Нигли склонилась поближе к фотографии.
– Затем он вынимает нужный лист из поддона, держа его большим и указательным пальцами, отчего в верхней его части остаются мазки тальковой пыли, причем не спекшиеся, поскольку не участвовали в процессе напечатания текста. И знаете что? Все это происходило у него на квартире, а не в офисе.
– Почему ты так решила?
– Так как он схватил лист бумаги большим и указательным пальцами, значит, бумага выходит у него вертикально. Ну, так же, как поджаренный хлебец выскакивает из тостера. Если бы она выползала горизонтально, то отметки от пальцев были бы совсем другими. И спереди эта смазанная пыль была бы более заметна, нежели сзади. А единственная модель принтера «Хьюлет-Паккард» с вертикальным выходом бумаги – портативная, для домашнего пользования. У меня точно такой же, он достаточно медленно работает, и картриджа хватает только на две с половиной тысячи страниц. Любительская вещица. Вот почему я пришла к выводу, что он занимался этим у себя дома.
Фролих кивнула.
– Что ж, в этом есть свой смысл. Кроме того, он выглядел бы очень странно, если бы начал разгуливать в резиновых перчатках по офису.
Нигли улыбнулась, словно обрадовавшись своему успеху.

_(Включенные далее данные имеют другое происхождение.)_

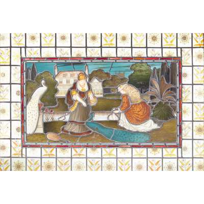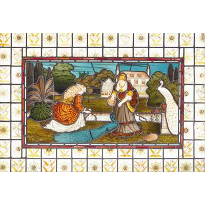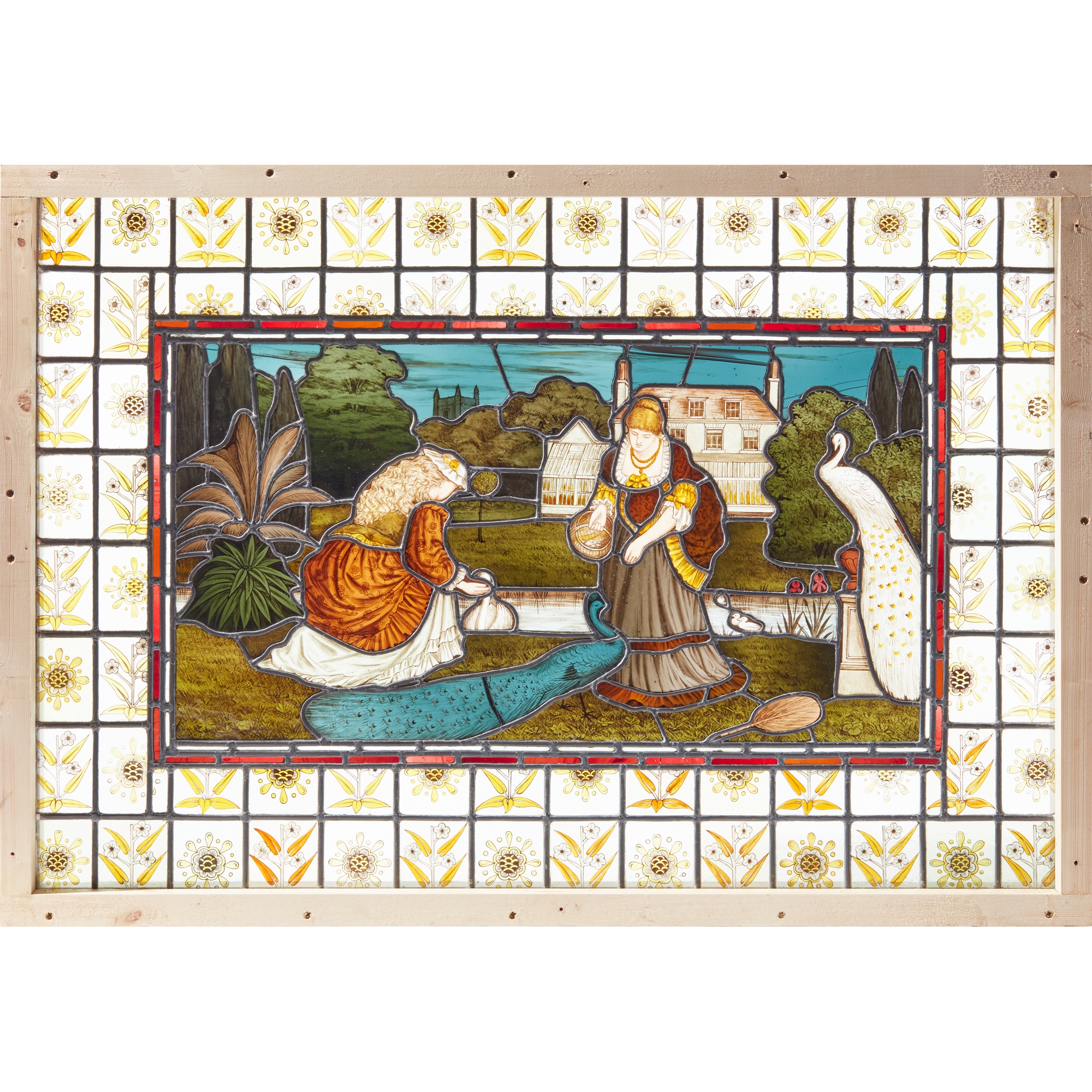 Note: The artist, designer, decorator and art dealer Daniel Cottier (1838-1891) is acclaimed for his creative exploitation of the building and decorating boom of the late 19th century and his entrepreneurial founding of an intercontinental business empire in response. Cottier was born and raised in Glasgow, the ‘second city’ of the British Empire, where he established a reputation as an accomplished stained glass designer and business owner and soon became one of Scotland’s most innovative decorators. Encouraged by his growing success, Cottier founded ‘Cottier & Co.’ in London in 1869 with one of its specialities being the design and manufacture of stained glass in churches, public buildings and private homes. In the following decade, Cottier’s glass palette was increasingly marked by the richer and darker colours associated with the Aesthetic Movement, of which he became a key exponent. The peacock, sunflower and lily became popular adornments of ‘The House Beautiful’ during this artistic period, and feature prominently in Cottier’s glass designs. In particular, the peacock became a prevailing icon of the Aesthetic movement for its colour and splendour which perfectly matched the movement’s goal to produce and experience “art for art’s sake”.

– Ну что ж, итак, он у себя в квартире, вынимает лист с посланием, кладет его в конверт, запечатывает при помощи воды из-под крана, но перчаток при этом не снимает. Вот поэтому мы и не имеем никаких отпечатков пальцев.
Фролих нахмурилась:
– Нет, не совсем так. Вот сейчас и начинается самое удивительное и непонятное. – Она указала на фотографию, ткнув кончиком ногтя на дюйм ниже текста и чуть вправо от центра. – Что мы обычно видим на этом месте у самого стандартного письма, к примеру?
– Подпись, – тут же ответил Ричер.
– Вот именно, – кивнула Фролих, не убирая ногтя с фотографии. – А мы обнаружили здесь отпечаток большого пальца. Вполне отчетливый. Совершенно очевидно, что его поставили тут умышленно. Он достаточно аккуратный, идеально вертикальный и очень-очень четкий. Слишком большой, чтобы его обладатель оказался женщиной. Итак, наш незнакомец все же своеобразно подписал свое послание.
Ричер вытащил фотографию из-под ногтя Фролих и снова принялся внимательно изучать ее.
– Теперь вы пытаетесь найти этого человека по отпечатку пальца? – поинтересовалась Нигли.
– Мне кажется, это бесполезно, – вставил Ричер. – Этот тип, вероятно, абсолютно уверен в том, что его отпечатков нет ни в одном архиве, иначе бы вряд ли стал так рисковать.
– Пока что нам действительно так и не удалось приблизиться к разгадке тайны, – призналась Фролих.
– Это на самом деле звучит странно и даже дико, – согласился Ричер. – Он смело ставит отпечаток своего большого пальца в качестве подписи, поскольку не боится за него, и в то же время работает в резиновых перчатках, чтобы – не дай Бог! – его пальцы не отпечатались где-нибудь на послании или конверте. Как это можно объяснить?
– Чтобы произвести наибольший эффект? – высказала свое предположение Нигли. – Вызвать у вас ужас? Или он просто такой чистюля?
– Во всяком случае, теперь становится понятным, почему он использовал самую дорогую бумагу. Ее глянцевая поверхность удерживает отпечаток, а дешевая бумага слишком пористая для таких целей.
– Что использовали эксперты в лаборатории? – осведомилась Нигли. – Пары йода? Нингидрин?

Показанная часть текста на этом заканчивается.